● TO DO: Write the data out again exactly, dropping any images it holds.

= = = = = = =

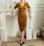 Velvet Prom Midi Dress Prom Dress Mother Of Bride Dress Cocktail Dress For Wedding Guest Gold Velvet Dress For Woman
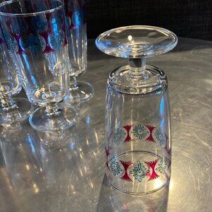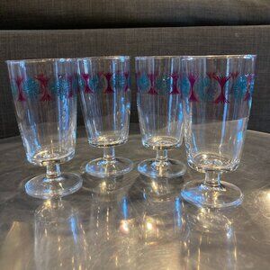 Set/4 Vintage Japanese Footed Juice Glasses by Aderia, Mid-Century Modern, Retro
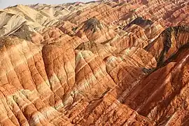 Zhangye Danxia est réputé pour les couleurs inhabituelles des rochers. Ces dernières résultent d'environ 24 millions d'années de dépôt de grès rouge et d'autres minéraux du conglomérat du Crétacé (-80 millions d'années), donnant un résultat semblable à un mille-feuille[3]. Vers -65 millions d'années, de nombreuses failles ont fait leur apparition[3]. Vers -23 millions d'années, des mouvements géologiques, liés à la plaque tectonique responsable de l'Himalaya, ont perturbé les terres autour du relief de Danxia dans la province chinoise du Guangdong[3]. Le vent, la pluie et le temps ont sculpté les montagnes selon différentes formes particulières, notamment en chevrons[4], un processus d'érosion étalé sur 6 millions d'années[5].
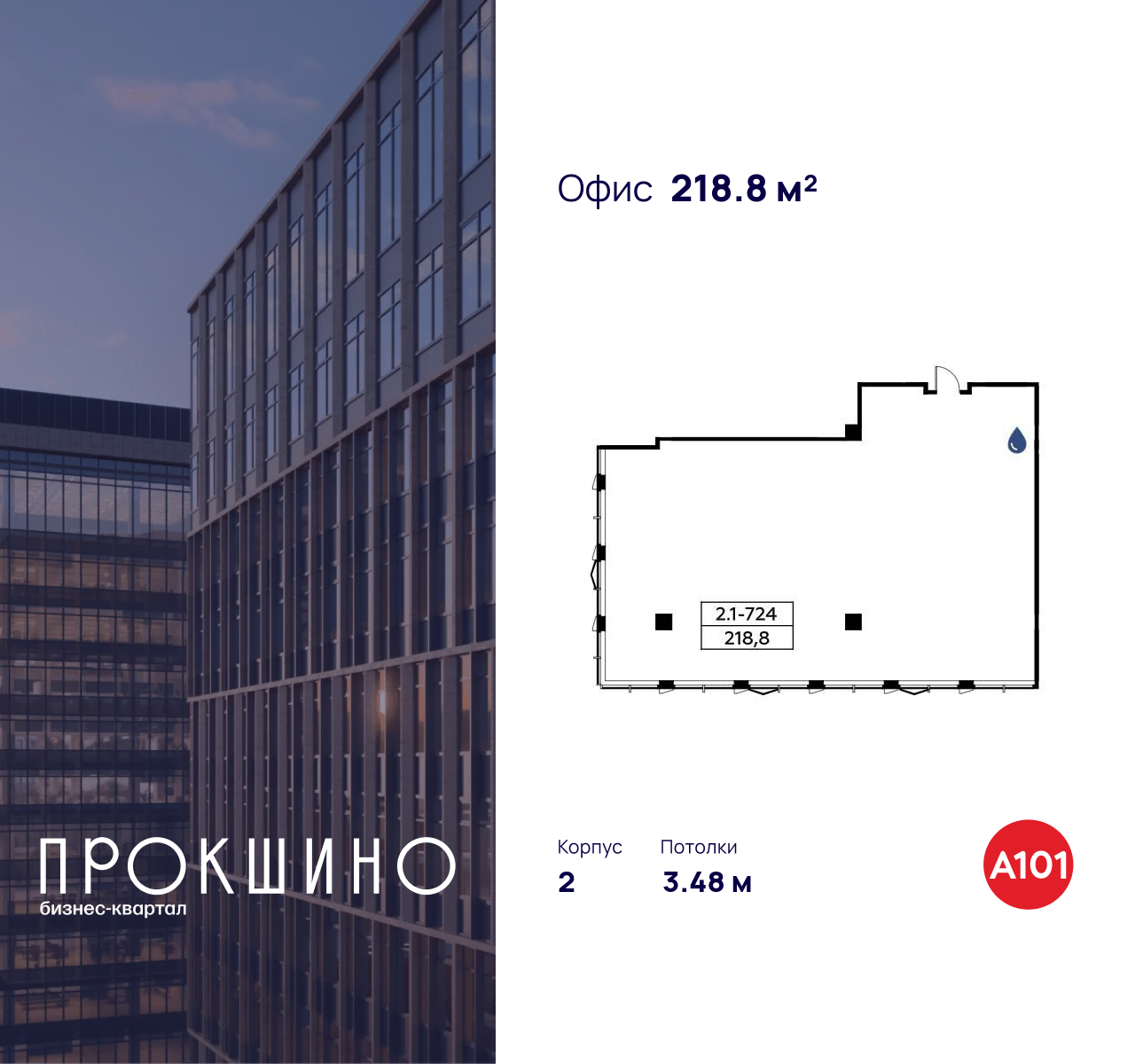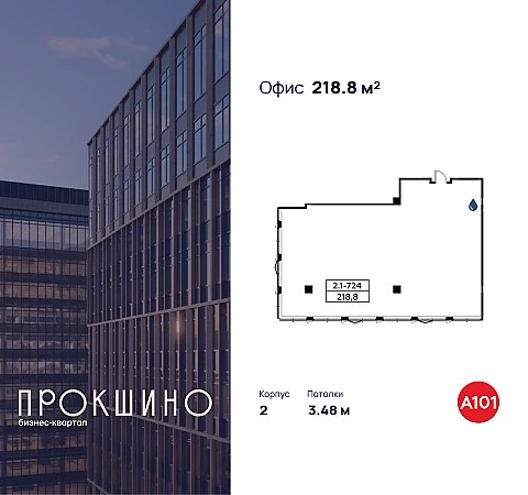 Продаётся офисное помещение площадью 218.8 кв. м. в Бизнес-квартал «Прокшино». Без отделки. Окна с видом на улицу. Высота потолков 3.48 м. Выделенная электрическая мощность — 20 кВт. Отдельный вход с улицы. Стоимость помещения — 61 355 896 руб. Способы оплаты и более подробная информация по телефону.
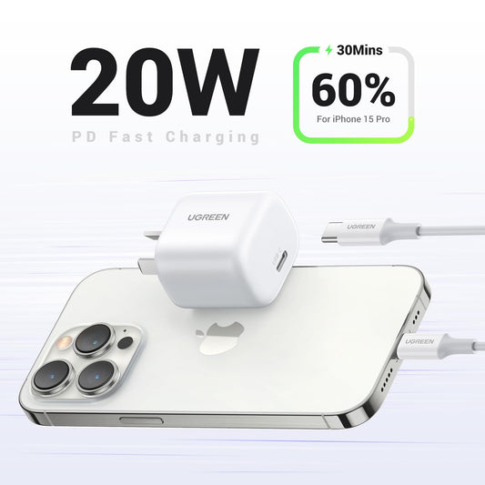 UGREEN 40394 Mini 20W USB C Charger AU Plug, PD Fast Charger Block Type C Power Adapter for iPhone 16 Pro Max/16 Plus/15 Pro Max/14/13/12/11, Galaxy S24 Ultra/S23, Pixel 9/8/7, iPad Mini/Pro, Airpods Pro 2
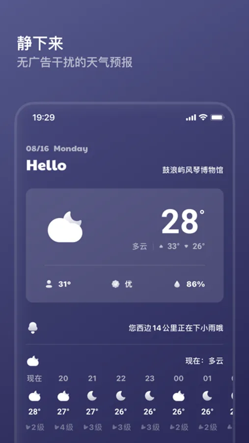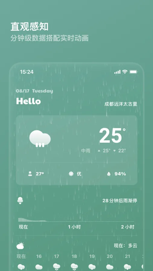 - 实时动画:遇到雨雪雾等特殊气象时,实时渲染的动画帮助你更加直观地感受当前天气状况。
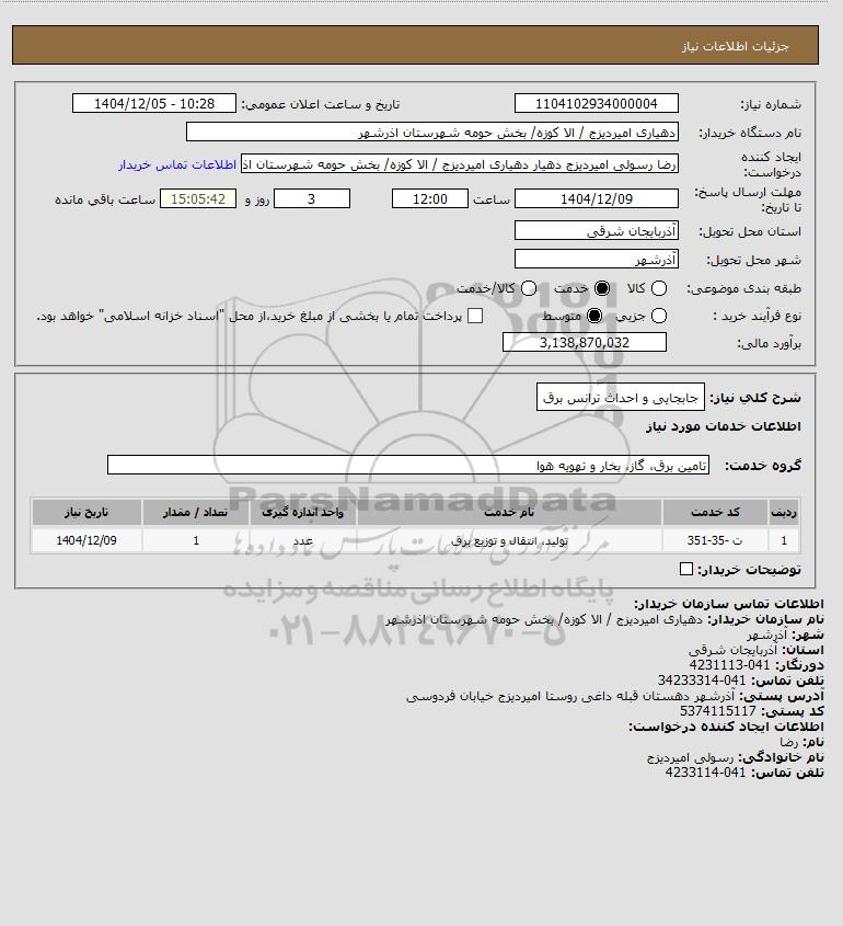 شرح کلی نیاز: جابجایی و احداث ترانس برق
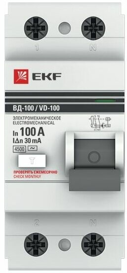 Устройство защитного отключения УЗО ВД-100 2 полюса, 63А, Тип AC, 30мА | код. elcb-2-63-30-em-pro | EKF ( 1шт. )
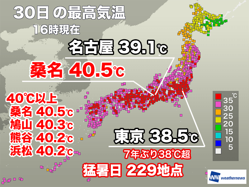 西寄りの風でフェーン現象が発生した所もあり、16時までの最高気温は三重県桑名市で40.5℃、埼玉県鳩山町で40.3℃、熊谷市と静岡県浜松で40.2℃を観測しています。

= = = = = = =

● EXERCISE SOLUTION:
 Velvet Prom Midi Dress Prom Dress Mother Of Bride Dress Cocktail Dress For Wedding Guest Gold Velvet Dress For Woman
 Set/4 Vintage Japanese Footed Juice Glasses by Aderia, Mid-Century Modern, Retro
 Zhangye Danxia est réputé pour les couleurs inhabituelles des rochers. Ces dernières résultent d'environ 24 millions d'années de dépôt de grès rouge et d'autres minéraux du conglomérat du Crétacé (-80 millions d'années), donnant un résultat semblable à un mille-feuille[3]. Vers -65 millions d'années, de nombreuses failles ont fait leur apparition[3]. Vers -23 millions d'années, des mouvements géologiques, liés à la plaque tectonique responsable de l'Himalaya, ont perturbé les terres autour du relief de Danxia dans la province chinoise du Guangdong[3]. Le vent, la pluie et le temps ont sculpté les montagnes selon différentes formes particulières, notamment en chevrons[4], un processus d'érosion étalé sur 6 millions d'années[5].
 Продаётся офисное помещение площадью 218.8 кв. м. в Бизнес-квартал «Прокшино». Без отделки. Окна с видом на улицу. Высота потолков 3.48 м. Выделенная электрическая мощность — 20 кВт. Отдельный вход с улицы. Стоимость помещения — 61 355 896 руб. Способы оплаты и более подробная информация по телефону.
 UGREEN 40394 Mini 20W USB C Charger AU Plug, PD Fast Charger Block Type C Power Adapter for iPhone 16 Pro Max/16 Plus/15 Pro Max/14/13/12/11, Galaxy S24 Ultra/S23, Pixel 9/8/7, iPad Mini/Pro, Airpods Pro 2
 - 实时动画:遇到雨雪雾等特殊气象时,实时渲染的动画帮助你更加直观地感受当前天气状况。
 شرح کلی نیاز: جابجایی و احداث ترانس برق
 Устройство защитного отключения УЗО ВД-100 2 полюса, 63А, Тип AC, 30мА | код. elcb-2-63-30-em-pro | EKF ( 1шт. )
 西寄りの風でフェーン現象が発生した所もあり、16時までの最高気温は三重県桑名市で40.5℃、埼玉県鳩山町で40.3℃、熊谷市と静岡県浜松で40.2℃を観測しています。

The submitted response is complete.